7. Entrance into a GED program is generally dependent on the individual site, with some programs providing an open-entry, open-exit enrollment system, and others providing a managed intake and/or managed enrollment course of study.

A. True B. False

The GED Test-Overview of the 2014 GED Test

8. In 2014, changes in the landscape of education and the workforce required a new GED test, which purposes are to provide:

A. A high school equivalency credential that continues to remain meaningful for adult learners, employers, and institutions B. Evidence of readiness to enter workforce training programs or post-secondary education and the workplace C. Information about a candidate’s strengths and areas of developmental need D. All of the above

Question Types on the 2014 GED Test

9. Drag and drop questions on the 2014 GED test are those that consist of graphic images with virtual sensors so that the test-taker can navigate the image for graphing or mapping activities.

A. True B. False

Content Area Tests-Science

10. The GED Science Test focuses on the fundamentals of science reasoning in three content domains of life science, physical science, and:

A. Earth and space science B. Formal sciences C. Environmental science D. Natural sciences

Knowledge and Skills Required for the 2014 GED Test

11. For all areas assessed on the GED, it is important that students have effective reading comprehension and information processing, as these skills provide core knowledge and are essential in critical thinking and problem solving.

A. True B. False

Webb’s Depth of Knowledge & Assessment Targets for the 2014 GED Test

12. Webb’s Depth of Knowledge is used to design and appraise different assessment tasks by evaluating awareness, comprehension, agency, analysis, and synthesis.

A. True B. False

Assessment Targets Aligned with Common Core State Standards

13. Anchor standards are those core educational standards necessary to achieve a specific goal, such as preparing students to be college and career ready, and the philosophy that underlines the GED test is that there is a foundational core of knowledge that must be obtained for an adult to enter post-secondary education and training and/or today’s workplace.

A. True B. False

Writing Rubric

14. The 2014 GED includes extended response test items that assess each of the following EXCEPT:

A. Creation of arguments and use of evidence B. Development of ideas and organizational structure C. Interpretation of words and phrases used in a text D. Clarity and command of standard English conventions

Introduction to Career Pathways and Contextual Instruction-Contextualized Instruction

15. Contextual teaching and learning is a system that helps instructors relate subject matter content to real-world situations and that motivates students to make connections between knowledge and its applications to their lives and to engage in the hard work that learning requires.

A. True B. False

Why Should I Use a Contextualized Approach in My GED Classroom?

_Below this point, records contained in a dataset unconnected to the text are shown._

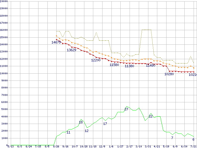 ※このグラフは過去のデータも税率5%相当に調整した税込み相当額のグラフです。 税率変更や、総額表示方式導入(2004年4月)の影響は除いています。 | | | ●凡例 | 最安値 (点線部は販売店未確認 または未調査) | 平均値 | 最高値 | ショップ数 |
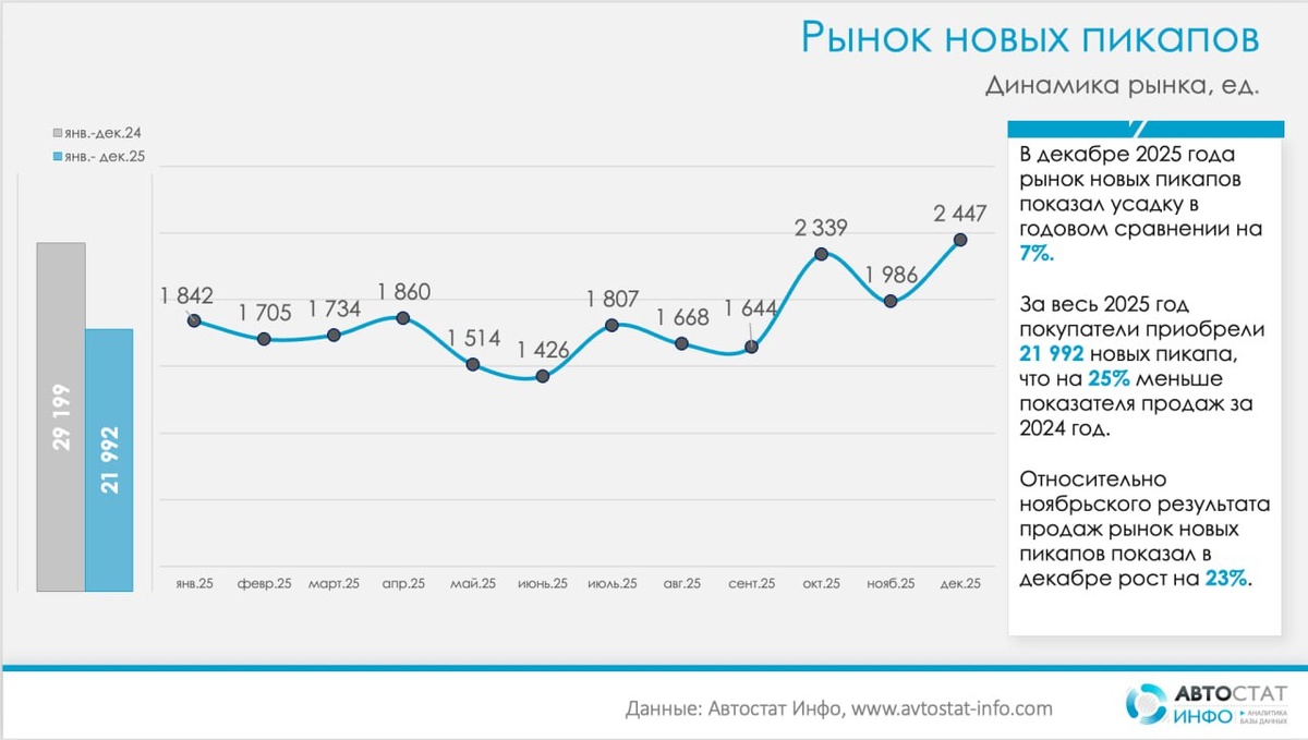 Рынок новых пикапов в России: минус четверть за год, но декабрь выводит сегмент в плюс
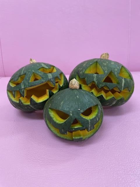 患者さんから頂いた3個のカボチャ🎃中をくり抜き顔を彫ってみました。ハロウィン👻まで2週間あるので、腐らないよう冷蔵庫と治療所のカウンターを行き来しています。
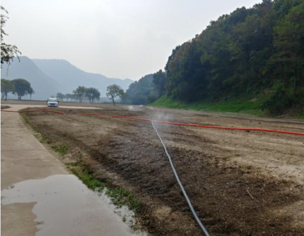 센터는 최근 45일간 강우량이 16.5mm로 전년 동일기간 218.5mm에 비해 비가 적게 내려 발아가 늦어지고 있어, 초겨울 한파 피해가 예상되어 사전에 예방하고자 물주기 작업을 실시했다.
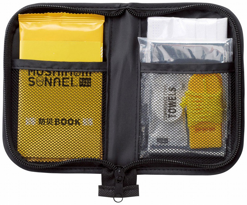 セット内容/ポーチ・圧縮タオル(200×200mm)・アルミシート(1400×700mm)・ウェットティッシュ・ホイッスル・不織布マスク・防災ブック
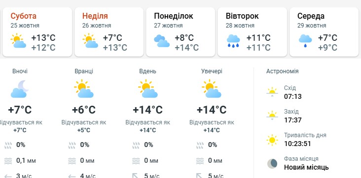 Субота, 25 жовтня, весь день буде хмарним. Уночі очікується дощ, але вранці опади припиняться, і протягом дня їх не передбачається. Денна температура сягне +13°C, нічна опуститься до +12°C. Вітер змінної сили, до 7 м/с, вологість 65-95%, ймовірність опадів удень мінімальна (до 2%).
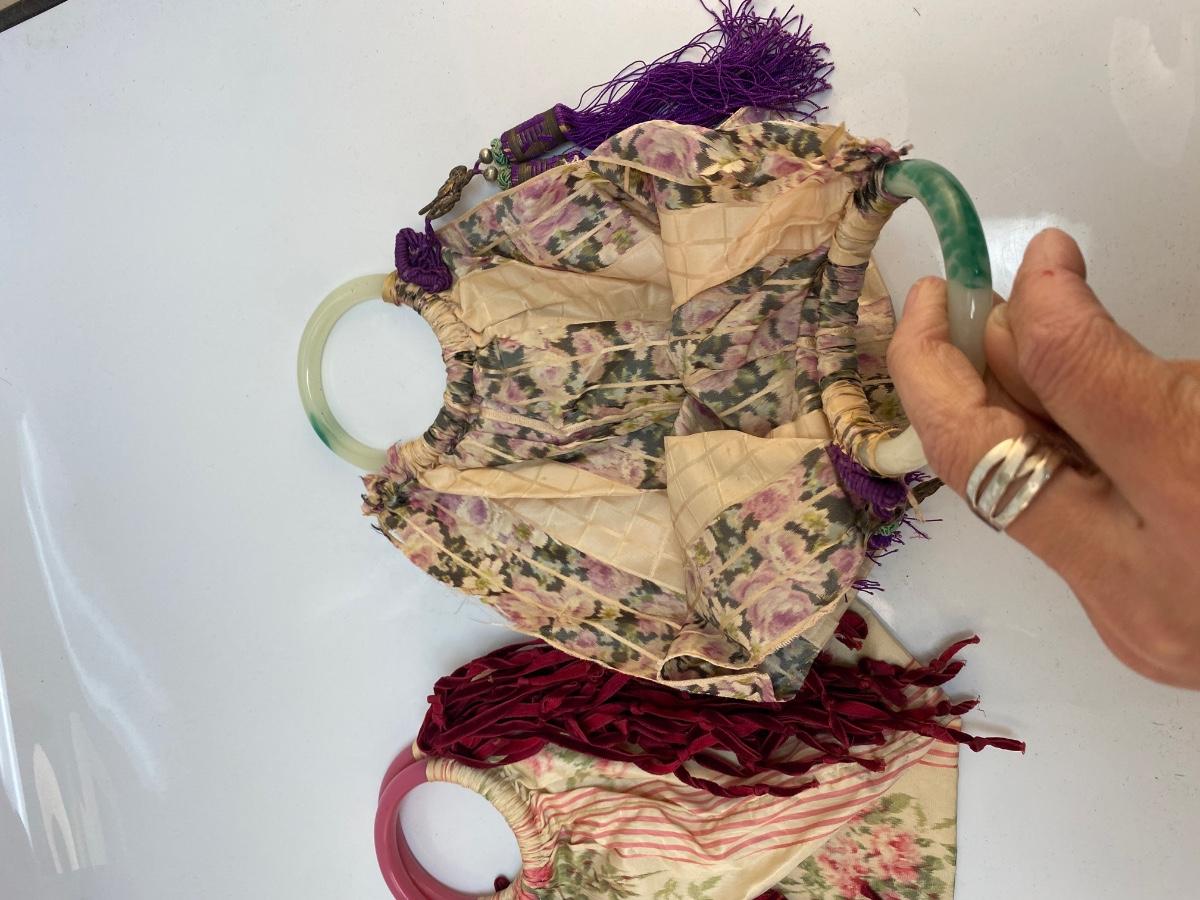 Pair of Handmade Silk Scarf Handbags with Stone Jadeite Bangle Handles
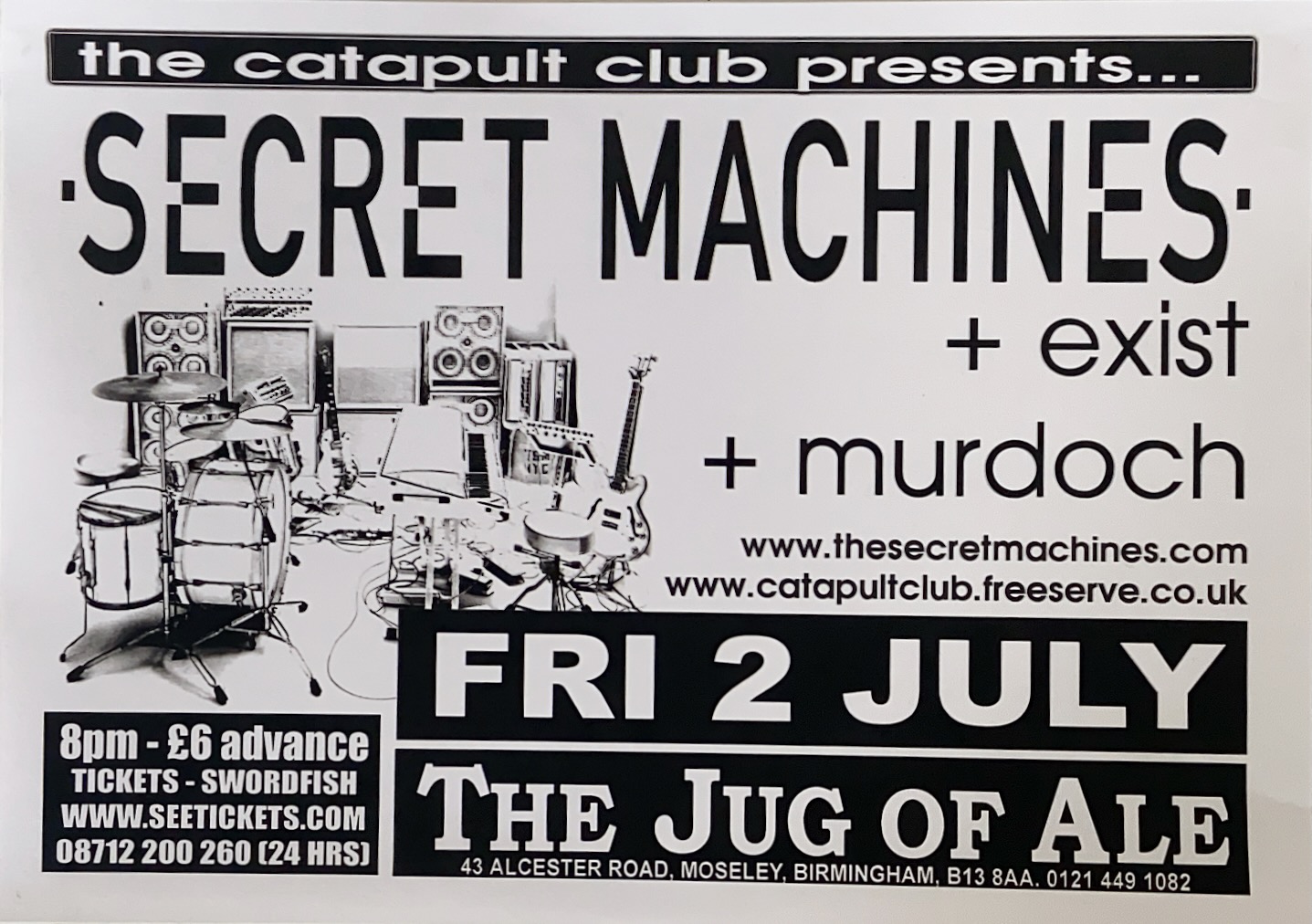 Flyer Secret Machines – Exist – Murdoch Jug of Ale Birmingham Back to results Marc13 April 2026Arthur Tapp - Catapult Club flyer_02-07_secretmachines_jugofale_birmingham_arthurtapp Download TitleFlyer Secret Machines - Exist - Murdoch Jug of Ale BirminghamDescriptionCatapult Club Presents Secret Machines, Exist and Murdoch live at the Jug of Ale in Moseley.Band/Performer/EventExist | Murdoch | Secret MachinesVenueThe Jug of Ale - MoseleyGenreRockSourceArthur Tapp - Catapult Club Share this item Previous itemFlyer Horse Feathers The Love Cowboys Jug of Ale Birmingham Next itemFlyer Second Sun Rising Moog Grand Union Jug of Ale Birmingham
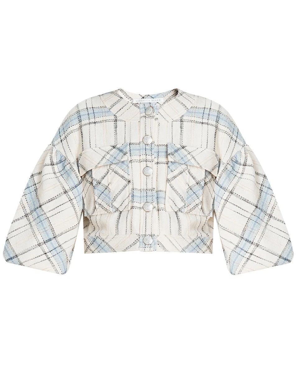 Voluminous bell sleeves and oversized plaid give our Nikolai jacket its distinctive look. Front patch pockets and metal crest buttons complete the look of this chic style. Wear with high-rise trousers and loafers for uptown cool.
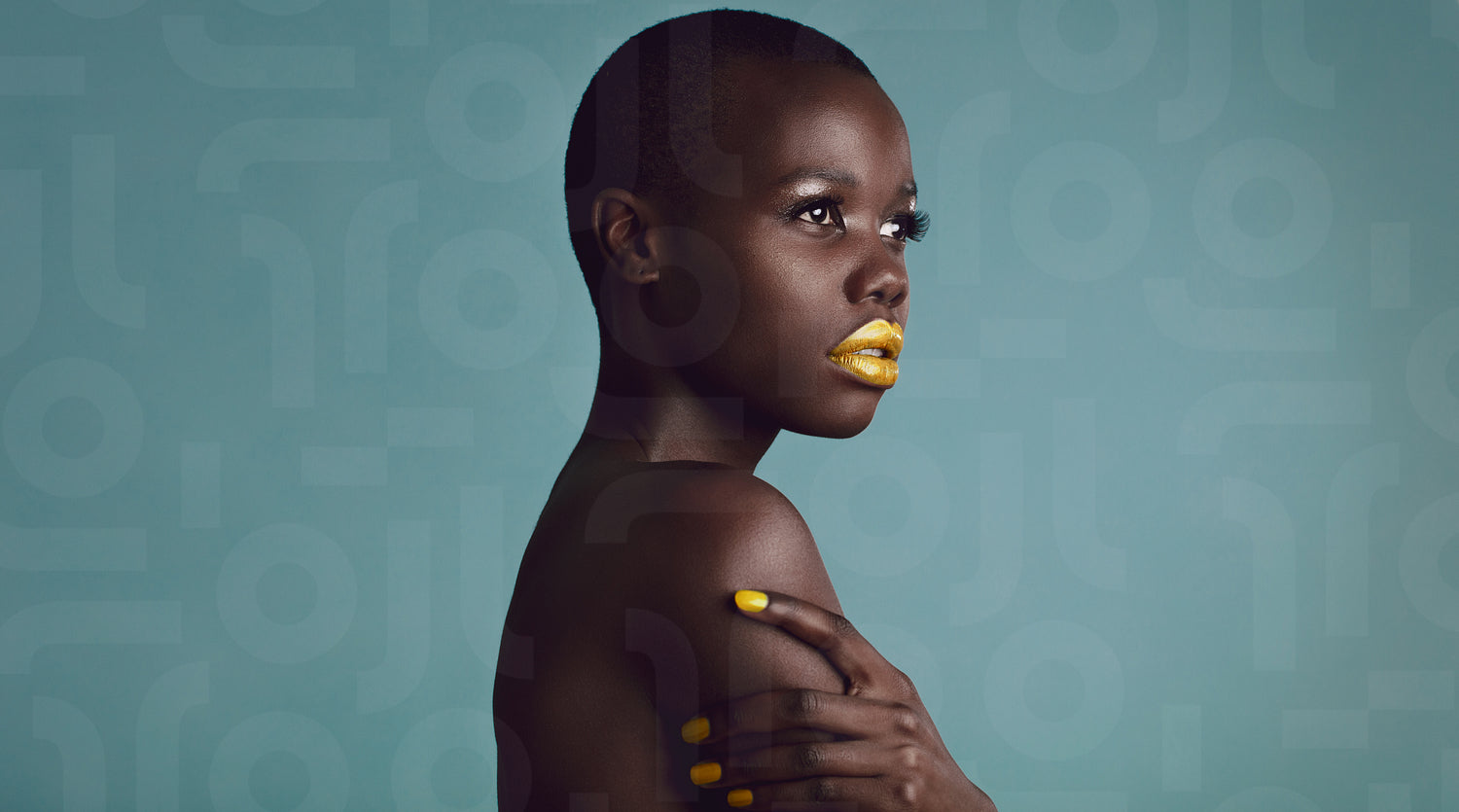 Close up of a beautiful woman with golden yellow nailpaint and lipstick makeup. Beauty portrait of female model with vibrant makeup on grey background.

16. The contextualized learning process benefits the education setting and instructor by increasing student knowledge retention, increasing student motivation, making learning the learner’s responsibility, and:

A. Encouraging interactive learning experiences B. Viewing learning as a team effort between the teacher and the learner C. Allowing for appropriate support, direction, and structure D. Challenging ideas and encouraging discussion

Instructional Strategies for Success

17. While various methods of instructional delivery and classroom management can be effective with adult learners, regardless of which methods are chosen, instruction should be standards-based and must integrate the Common Core State Standards.

A. True B. False

Project-Based Instruction

18. Key steps in project-based instruction include selecting group members so that learner abilities are mixed, providing guided practice, and setting purposes and expectations in establishing the group.

A. True B. False

Instructional Strategies

19. Experiential learning strategies provide students with the opportunity to share reactions/observations and generalize principles/concepts while being learner-centered and:

A. Skills-based B. Goal driven C. Creativity focused D. Activity oriented

Strategies for Reasoning through Language Arts

20. The relationship among reading, writing, and understanding is clear in that students who are engaged in reading-to-learn will also be prepared to write well, and in turn, students who are engaged in writing-to-learn will become more effective readers.

A. True B. False

21. The College and Career Readiness (CCR) English Language Arts (ELA)/Literacy Standards identify three key shifts including context, fluency, and mastery.

A. True B. False

Twelve Tips for Integrating Reading and Writing Skills-The Connection

22. Which of the following are NOT recommended strategies for integrating reading and writing skills?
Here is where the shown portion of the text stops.